Типы настолько ужасные — жалкие и уродливые — что первое чувство, какое вызывает зрелище их порока: да неужели же порок даже в такой безобразной, грязной, зловонной форме может тянуть к себе человеческую натуру, возбуждать в ней страсти, толкать ее на преступления? Когда бес является обольстителем, увлечение им понятно. Кто Богу не грешен! И праведник по семи раз на день падает. Но когда бес приходит к человеку во всеоружии всего, чем только может он отвратить от себя человеческую брезгливость, — как тогда объяснить его обаяние?

Судилась портниха (работавшая на дом терпимости) по обвинению в краже во время пожара у своей хозяйки и ее любовник портной. Их допрос и допрос свидетелей был целым рядом бытовых сценок, яркими вспышками освещавших темные и мутные нравы московских трущоб.

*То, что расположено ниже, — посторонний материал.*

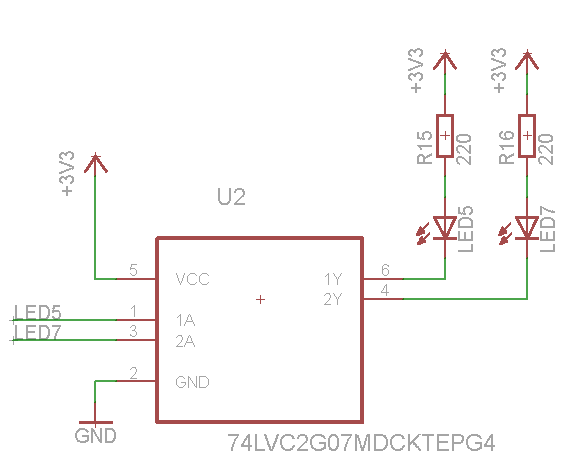 Servus Leute, ich möchte einen Open Drain Treiber verwenden um zwei LEDs von einem µC I/O zu treiben (Schaltplan im Anhang). Ich habe bei RS-Components diesen gefunden, der mir wegen des kompaktem Footprints sympatisch ist: http://www.ti.com/lit/ds/symlink/sn74lvc2g06.pdf Im Datenblatt steht, dass der bei 3V 24mA treiben kann. Ich will eine LED mit 3,3V ansteuern. Den Strom durch die LED möchte ich mit Vorwiderstand auf etwa 20 mA begrenzen. Glaubt Ihr, dass das eine gut Idee ist, oder meint Ihr dass der Buffer-Baustein zu knapp dimensioniert ist? Mich macht auch die Angabe im Datenblatt "The maximum sink current is 32 mA" etwas unsicher. Ich hoffe doch dass da der maximale "sink current" pro Ausgang gemeint ist (und nicht insgesamt). Was meint Ihr?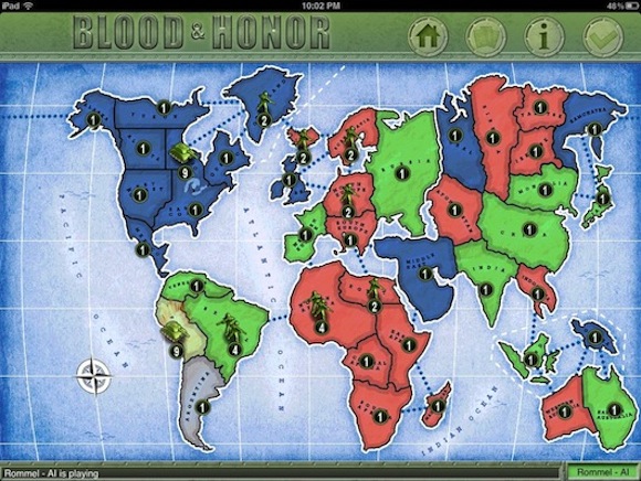 Empezamos con Blood & Honor, un clon de Risk (o TEG), que combina estrategia por turnos y lanzamiento de dados. Conquista países utilizando tus tropas y conviértete en el jugador más poderoso administrado bien tus puntos y aprovechando una cuota de suerte.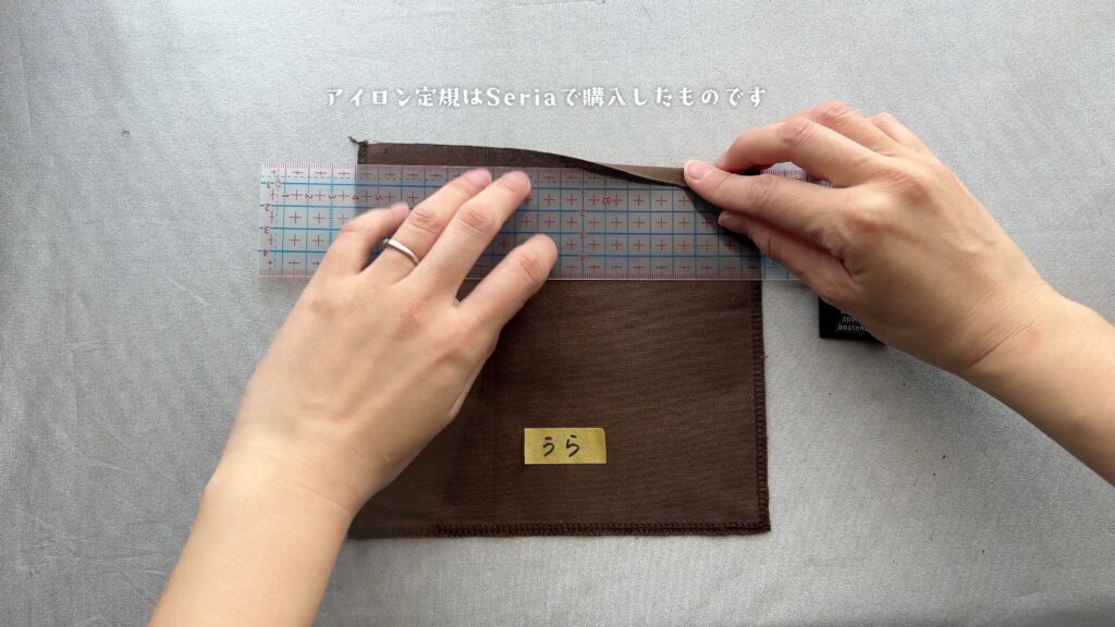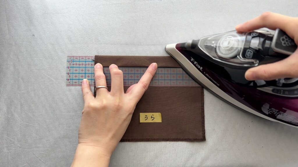 - ほつれ止めをしていない上側の辺を、生地の裏側を上にしてアイロンで1cm折ります。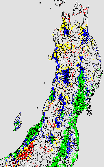 安全作期の策定にある気温指標のうち、湛水直播の安全早限日の気温指標11.5℃を用いて表示しています。11.5℃以下については1℃刻みで表示し、可能域がどのように推移するかをみるものです。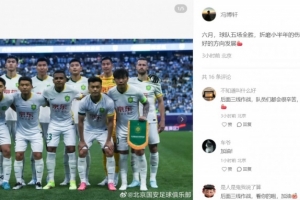 北京国安球员冯博轩更新了社媒,他写道:六月,球队五场全胜,折磨小半年的伤愈,一切都在往好的方向发展。

— Свидетельница, — спрашивает экономку председатель, — на каком счету была у вас обвиняемая?

— Ничего, только пила очень…

— Да ведь, я думаю, у вас все пьют?

— Девицы, известно, все пьют, им так и полагается, а она человек рабочий.

— А рабочему человеку, значит, пить не полагается?

— Известно, нет. Какой уж он рабочий, ежели пьет? Пей, пожалуй, только по малости.

Этот рабочий человек сидел по четырнадцати часов в сутки над шитьем, не разгибая спины, в вертепе, где население мертвецки пьяно и гости мертвецки пьяны. Слева пьяный хохот, справа пьяная песня, наверху пьяная пляска, внизу пьяные поцелуи. И среди этого винного разгула сидит и работает единственное трезвое существо и недоумевает: в аду я или на земле? за что мне это? и как же жить-то, когда кроме хмеля кругом ничего не видишь и не слышишь? Если так нельзя, зачем же все так делается и зачем же такое терпеть надо? Если так надо, то почему же мне иная трудовая доля, чем другим? Этак сидя, недолго досидеться и до того, что — либо в прорубь полезешь, либо, живя с юлками, сама по-волчьи завоешь. И в один прекрасный день завывает. Пьяным-пьяна, --туман в голове и пред глазами, горе завито веревочкой, работа к черту: чем, мол, я и лучше и хуже других? Пей, пока пьется, — душа меру знает. Любимым местопребыванием бедняги, вместо поганой развратной тюрьмы, становится такой же поганый и развратный, но, по крайней мере, свободный трактир, где она не раба, а гостья и хозяйка Чего хочет, того и просит. И на каналью полового за свои деньги может заорать не тише, чем орет на нее «тетенька» за лень либо неисправность.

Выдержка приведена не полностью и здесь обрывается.